Как тут быть, когда рядом с Анной Николаевной стоит и Ольга Чередник, прижав ладонь к щеке. Глаза у нее грустные. По обе стороны от нее, словно охрана, сильные и стройные Андрей Мороз и одноглазый Павел Зарва. Они так сочувственно слушают Олесю, а на него, Василия Бурого, и не смотрят. Так что молчи, бригадир, раз опоздал и потерял власть над ткачихами. Прислушайся лучше, о чем они говорят. Даже посочувствуй им, и тогда снова возьмешь верх. А так что же получается? Ты опоздал, и они одни, без тебя, решают наболевший вопрос.

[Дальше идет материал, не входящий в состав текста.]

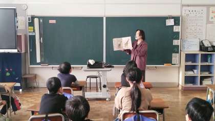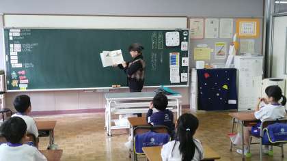 今日は、低学年の読み聞かせの日でした。今日も、ボランティアの布目先生と熊野先生のお話を真剣に聞いている子供たちでした。
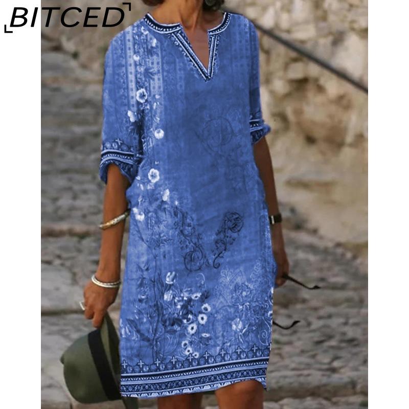 BITCED Женская мода лето весна цветочный принт повседневные платья 2/1 рукав V-образный вырез — купить товар онлайн с бесплатной доставкой по всему миру!

— Вы говорите — не беда, а я помню, как возле нашего детдома в лесу, вскоре после войны, мальчишки пасли коров, — говорила Олеся. — Кто-то нашел заржавленный снаряд. Разложили они костер и давай вытапливать из снаряда олово. Хотели сделать блесны и грузила для удочек. И девочек двух уговорили. Обещали им кольца сделать из этого натопленного олова или меди. Оловянные перстни… Ну и наделали: два дуба повалило, а когда матросы прибежали, не было уже ни пастухов, ни скотины. Только девочка без руки истекала кровью в кустах. Эти ребята учились в нашей школе. Всех нас повели к поваленным дубам. И учитель показал нам все: где разжигали огонь, где росли поваленные дубы… На одном дереве нашли шапку пастушка… Сумочку с хлебом на сосну забросило. Матери голосят: там ногу найдут, там руку. А учитель нам все показывает: «Глядите, дети, что снаряд натворил. Не трогайте таких игрушек. За десять километров обходите. Товарищам своим расскажите, детям, когда вырастут… Чтобы наука всем была».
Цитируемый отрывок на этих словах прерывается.